== Segment start ==
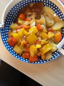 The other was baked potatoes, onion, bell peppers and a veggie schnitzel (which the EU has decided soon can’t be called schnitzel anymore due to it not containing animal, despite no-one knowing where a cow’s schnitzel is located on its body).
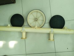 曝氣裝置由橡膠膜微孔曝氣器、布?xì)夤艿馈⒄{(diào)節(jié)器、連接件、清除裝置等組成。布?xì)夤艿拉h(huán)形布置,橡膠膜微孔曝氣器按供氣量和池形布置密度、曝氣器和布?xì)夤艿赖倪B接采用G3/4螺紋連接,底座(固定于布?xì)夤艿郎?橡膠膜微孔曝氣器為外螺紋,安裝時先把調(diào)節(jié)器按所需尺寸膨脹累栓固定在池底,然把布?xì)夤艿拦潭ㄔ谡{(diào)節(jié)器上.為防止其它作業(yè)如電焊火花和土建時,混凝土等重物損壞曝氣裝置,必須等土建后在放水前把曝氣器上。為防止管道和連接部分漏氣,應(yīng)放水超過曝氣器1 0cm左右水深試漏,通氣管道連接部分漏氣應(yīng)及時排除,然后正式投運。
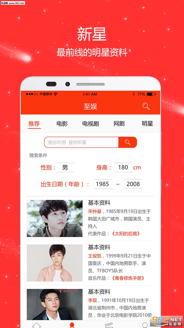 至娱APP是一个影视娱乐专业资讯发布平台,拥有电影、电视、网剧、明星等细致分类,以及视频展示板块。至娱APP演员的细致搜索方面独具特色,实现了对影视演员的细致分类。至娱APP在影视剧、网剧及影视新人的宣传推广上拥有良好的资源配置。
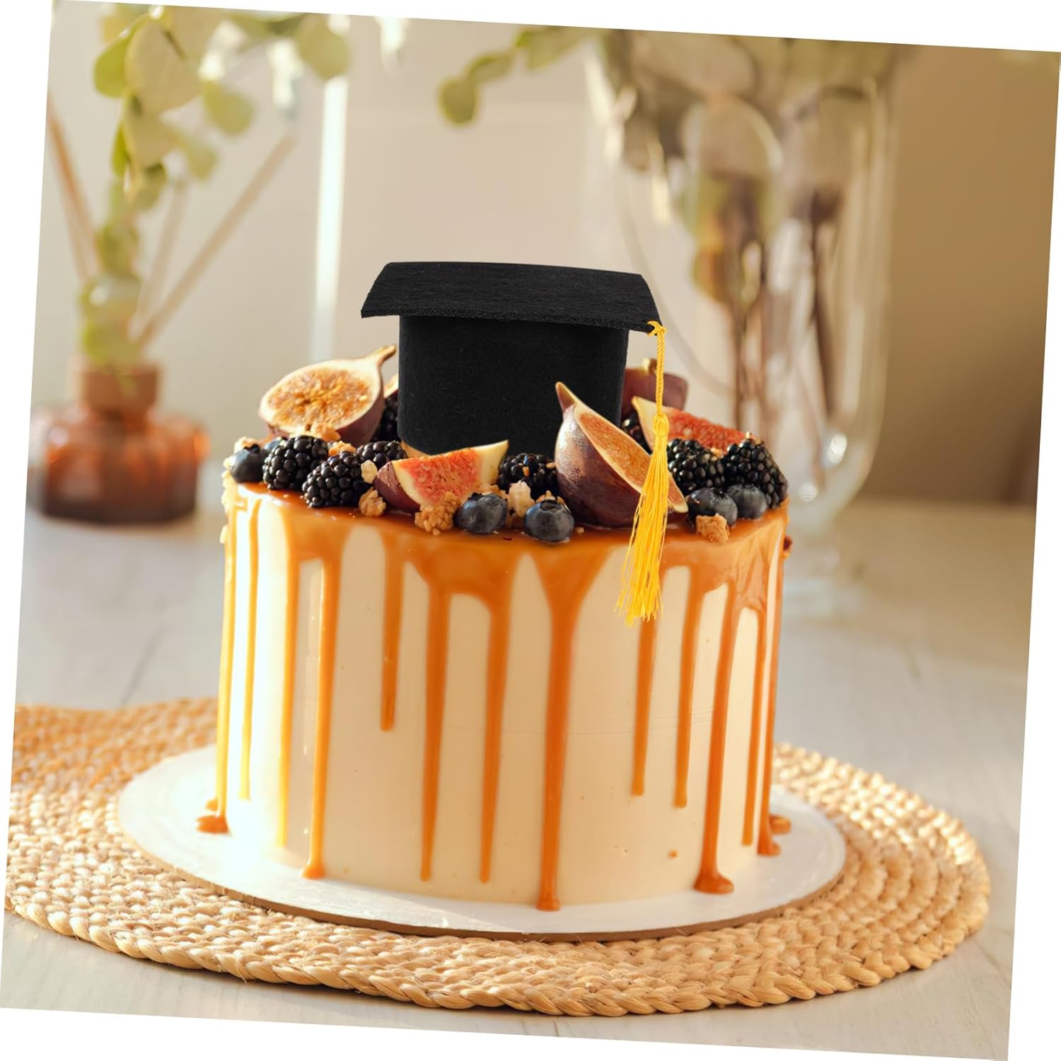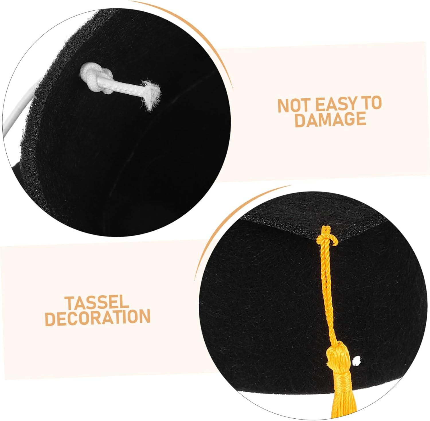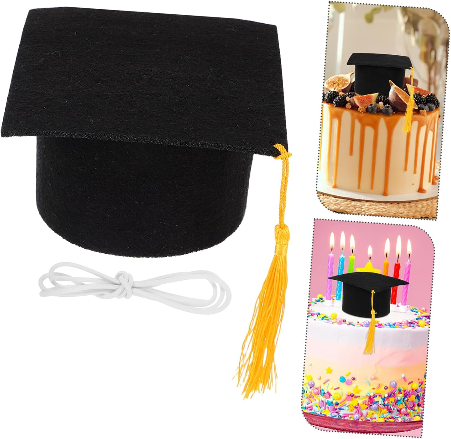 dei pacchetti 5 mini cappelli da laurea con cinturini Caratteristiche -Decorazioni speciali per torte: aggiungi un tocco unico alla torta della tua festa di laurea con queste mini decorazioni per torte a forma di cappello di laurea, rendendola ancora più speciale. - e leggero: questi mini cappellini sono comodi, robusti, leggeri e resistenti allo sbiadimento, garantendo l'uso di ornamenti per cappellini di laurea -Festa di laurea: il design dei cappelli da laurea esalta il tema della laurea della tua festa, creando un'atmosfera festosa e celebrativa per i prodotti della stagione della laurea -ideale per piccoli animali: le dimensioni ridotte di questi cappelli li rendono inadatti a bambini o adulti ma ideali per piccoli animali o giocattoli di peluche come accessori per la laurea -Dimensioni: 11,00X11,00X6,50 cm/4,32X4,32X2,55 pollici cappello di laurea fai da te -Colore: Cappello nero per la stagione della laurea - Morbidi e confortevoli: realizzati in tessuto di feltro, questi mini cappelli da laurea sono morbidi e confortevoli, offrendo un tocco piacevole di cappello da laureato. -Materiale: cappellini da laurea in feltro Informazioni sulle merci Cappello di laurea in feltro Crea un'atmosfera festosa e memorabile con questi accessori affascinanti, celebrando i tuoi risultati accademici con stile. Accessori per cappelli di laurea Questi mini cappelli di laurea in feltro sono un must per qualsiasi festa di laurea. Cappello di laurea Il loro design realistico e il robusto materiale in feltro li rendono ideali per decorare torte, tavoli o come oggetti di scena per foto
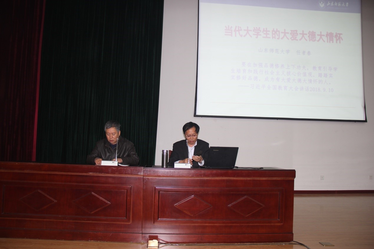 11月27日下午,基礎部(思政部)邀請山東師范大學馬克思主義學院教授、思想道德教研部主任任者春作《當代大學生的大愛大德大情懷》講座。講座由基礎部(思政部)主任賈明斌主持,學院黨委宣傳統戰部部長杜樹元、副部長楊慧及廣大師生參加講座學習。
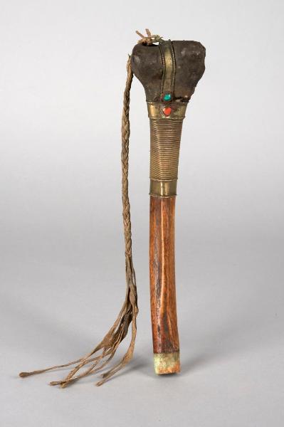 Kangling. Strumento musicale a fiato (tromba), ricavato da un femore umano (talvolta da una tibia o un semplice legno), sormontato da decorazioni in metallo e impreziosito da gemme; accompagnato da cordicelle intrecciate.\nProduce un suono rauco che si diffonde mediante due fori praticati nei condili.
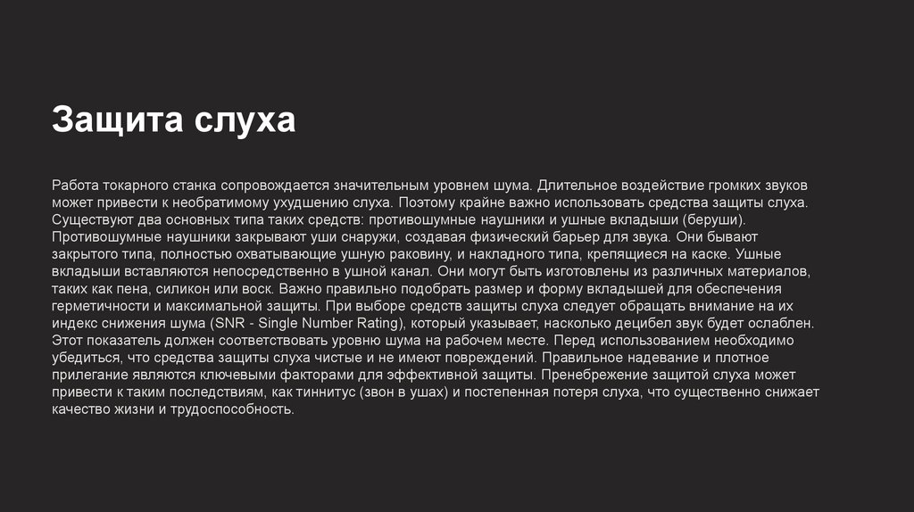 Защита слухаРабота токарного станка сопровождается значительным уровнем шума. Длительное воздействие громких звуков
== Segment end ==
_TASK DIRECTIONS_. Reproduce each entry precisely, dropping only the pictures.

_SOLUTION TO THIS EXERCISE_.
 The other was baked potatoes, onion, bell peppers and a veggie schnitzel (which the EU has decided soon can’t be called schnitzel anymore due to it not containing animal, despite no-one knowing where a cow’s schnitzel is located on its body).
 曝氣裝置由橡膠膜微孔曝氣器、布?xì)夤艿馈⒄{(diào)節(jié)器、連接件、清除裝置等組成。布?xì)夤艿拉h(huán)形布置,橡膠膜微孔曝氣器按供氣量和池形布置密度、曝氣器和布?xì)夤艿赖倪B接采用G3/4螺紋連接,底座(固定于布?xì)夤艿郎?橡膠膜微孔曝氣器為外螺紋,安裝時先把調(diào)節(jié)器按所需尺寸膨脹累栓固定在池底,然把布?xì)夤艿拦潭ㄔ谡{(diào)節(jié)器上.為防止其它作業(yè)如電焊火花和土建時,混凝土等重物損壞曝氣裝置,必須等土建后在放水前把曝氣器上。為防止管道和連接部分漏氣,應(yīng)放水超過曝氣器1 0cm左右水深試漏,通氣管道連接部分漏氣應(yīng)及時排除,然后正式投運。
 至娱APP是一个影视娱乐专业资讯发布平台,拥有电影、电视、网剧、明星等细致分类,以及视频展示板块。至娱APP演员的细致搜索方面独具特色,实现了对影视演员的细致分类。至娱APP在影视剧、网剧及影视新人的宣传推广上拥有良好的资源配置。
 dei pacchetti 5 mini cappelli da laurea con cinturini Caratteristiche -Decorazioni speciali per torte: aggiungi un tocco unico alla torta della tua festa di laurea con queste mini decorazioni per torte a forma di cappello di laurea, rendendola ancora più speciale. - e leggero: questi mini cappellini sono comodi, robusti, leggeri e resistenti allo sbiadimento, garantendo l'uso di ornamenti per cappellini di laurea -Festa di laurea: il design dei cappelli da laurea esalta il tema della laurea della tua festa, creando un'atmosfera festosa e celebrativa per i prodotti della stagione della laurea -ideale per piccoli animali: le dimensioni ridotte di questi cappelli li rendono inadatti a bambini o adulti ma ideali per piccoli animali o giocattoli di peluche come accessori per la laurea -Dimensioni: 11,00X11,00X6,50 cm/4,32X4,32X2,55 pollici cappello di laurea fai da te -Colore: Cappello nero per la stagione della laurea - Morbidi e confortevoli: realizzati in tessuto di feltro, questi mini cappelli da laurea sono morbidi e confortevoli, offrendo un tocco piacevole di cappello da laureato. -Materiale: cappellini da laurea in feltro Informazioni sulle merci Cappello di laurea in feltro Crea un'atmosfera festosa e memorabile con questi accessori affascinanti, celebrando i tuoi risultati accademici con stile. Accessori per cappelli di laurea Questi mini cappelli di laurea in feltro sono un must per qualsiasi festa di laurea. Cappello di laurea Il loro design realistico e il robusto materiale in feltro li rendono ideali per decorare torte, tavoli o come oggetti di scena per foto
 11月27日下午,基礎部(思政部)邀請山東師范大學馬克思主義學院教授、思想道德教研部主任任者春作《當代大學生的大愛大德大情懷》講座。講座由基礎部(思政部)主任賈明斌主持,學院黨委宣傳統戰部部長杜樹元、副部長楊慧及廣大師生參加講座學習。
 Kangling. Strumento musicale a fiato (tromba), ricavato da un femore umano (talvolta da una tibia o un semplice legno), sormontato da decorazioni in metallo e impreziosito da gemme; accompagnato da cordicelle intrecciate.\nProduce un suono rauco che si diffonde mediante due fori praticati nei condili.
 Защита слухаРабота токарного станка сопровождается значительным уровнем шума. Длительное воздействие громких звуков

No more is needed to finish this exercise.